Segundo Ana Célia, por questões orçamentárias, o projeto beneficia, neste momento, 90 crianças autistas de diversos graus e com epilepsia refratária de 3 a 10 anos. A intenção é aumentar o número de atendimentos até o final do ano e abrir para outras patologias, como clínica da dor, Parkinson, Alzheimer, ansiedade, depressão, entre outras. Ela explicou que no projeto consta a capacitação dos profissionais, porque, segundo ela, “não adianta um projeto bonito sem capacitar a equipe técnica”. Além disso, a pasta está buscando instituições de pesquisas para legitimar e dar respaldo ao projeto, com a Universidade Federal Fluminense (UFF), Fundação Oswaldo Cruz (Fiocruz) e a Associação de Apoio à Pesquisa e a Pacientes de Cannabis Medicinal (APEPI).
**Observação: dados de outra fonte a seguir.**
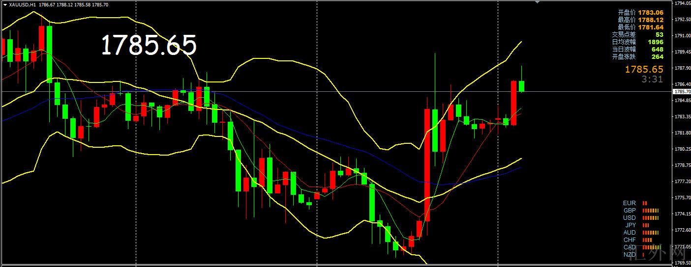 上星期五黄金价格受CPI回暖影响黄金价格按计划迈出了摸底回涨,盘中最低1769.8,最高1789,收盘以一根带有上下影线的中阳线报收盘在1782.8。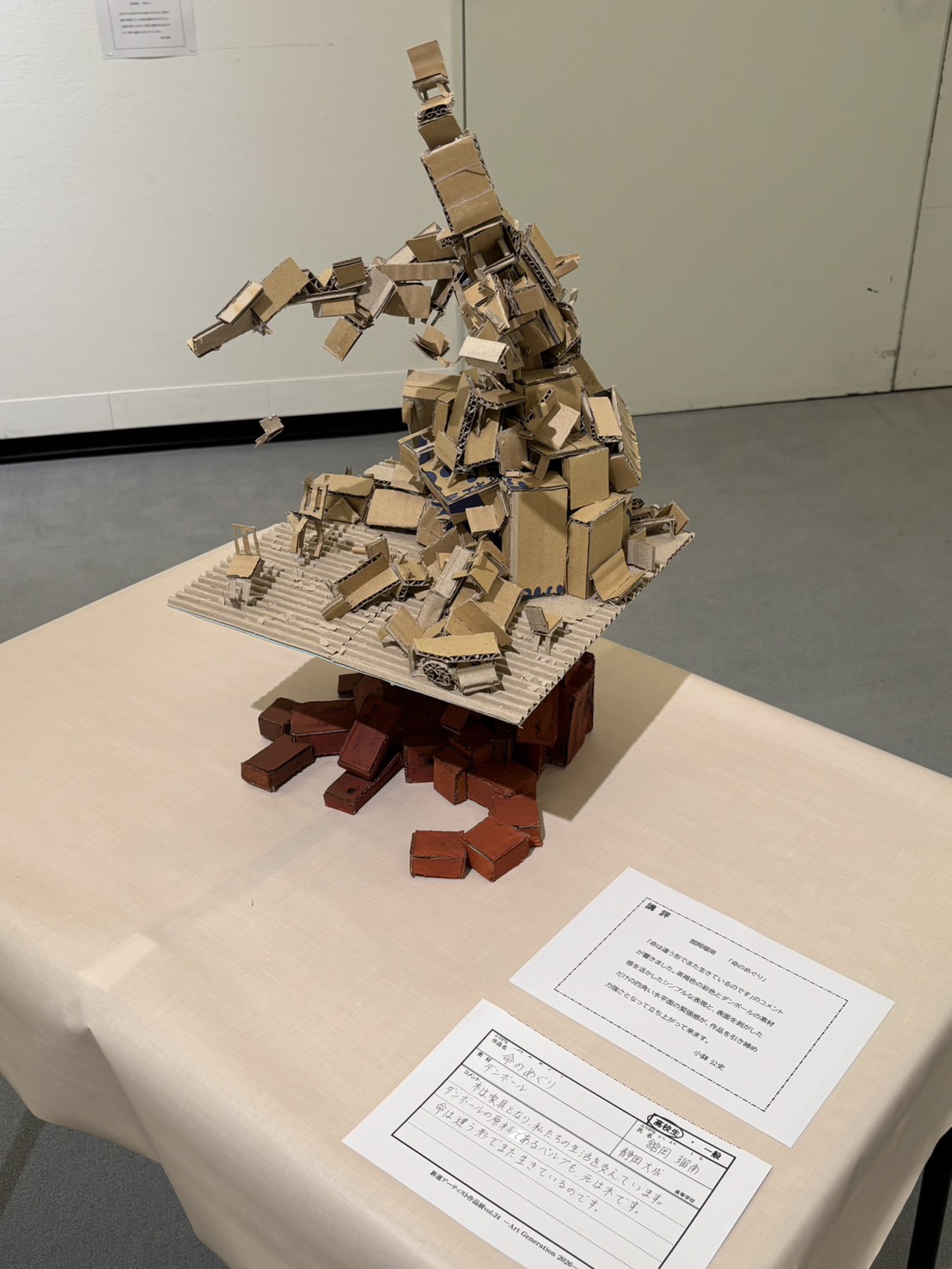 「AG賞」を受賞した福岡さんは「高校生最後のこの大会で受賞して本当に嬉しいです。大学に行っても見る人に楽しさを与えるような作品を作って行き、次年度もこの展覧会に出品したいと思います」と話してくれました。

“É um projeto tímido, mas vocês não imaginam o que ele representa. Esse projeto é a menina dos meus olhos, enquanto eu estiver como profissional de Saúde Mental”, finalizou emocionada.
O projeto foi orçado em R $720 mil por ano e já teve parecer positivo do vereador Uriel Pereira, que é o presidente da Comissão de Orçamento da Câmara, durante a audiência pública, que se comprometeu em aprovar a emenda para o ano que vem.
Casos de sucesso
Durante a audiência, muitos depoimentos foram compartilhados demonstrando a eficácia do medicamento. Um desses depoimentos foi da Ludmila, mãe de uma criança de 5 anos diagnosticada com autismo. “Ele faz uso há 5 meses e a experiência está sendo incrível. Ele melhorou bastante a concentração, principalmente na escola. Está sendo maravilhoso o resultado”, contou.
Outro depoimento foi do Lúcio, que contou a história do seu filho mais novo, de 28 anos, diagnosticado com autismo e síndrome de down. Recentemente ele abandonou os medicamentos e hoje tem qualidade de vida.
“Leandro foi tranquilo até a adolescência, mas mudou muito o comportamento no decorrer dos anos, e foi aí que começamos a procurar psicólogos e psiquiatras. A medicação é um desafio para os médicos, muitos têm contraindicações. Desde que começou a usar o óleo da cannabis, ele não toma nenhuma outra medicação”, contou
Dominique é outra mãe de autista que viu o uso do óleo de forma positiva. O filho de cinco anos deixou de ter compulsão alimentar e melhorou na forma de se expressar. “Ele se expressa melhor, está mais concertado, presta atenção no que eu estou dizendo, é uma nova criança”, compartilhou.
Mãe de uma criança de 5 anos e quatro meses com transtorno de atenção da fala, o tratamento trouxe melhorias para o filho de Lola. “Ele tinha muita ansiedade, gritava muito e agora está mais calmo, já sabe o abecedário, os números de 1 a 10, interage mais” disse.
Fernandes, de 59 anos, foi diagnosticada há 2 anos com pastoriza astrofísica, doença que causa dor nas articulações. “Há 7 meses venho fazendo tratamento com cannabis e acompanhada por um reumatologista, as dores melhoraram 90%, voltei ao mercado de trabalho, tenho melhor noite de sono e me alimento melhor”, celebrou.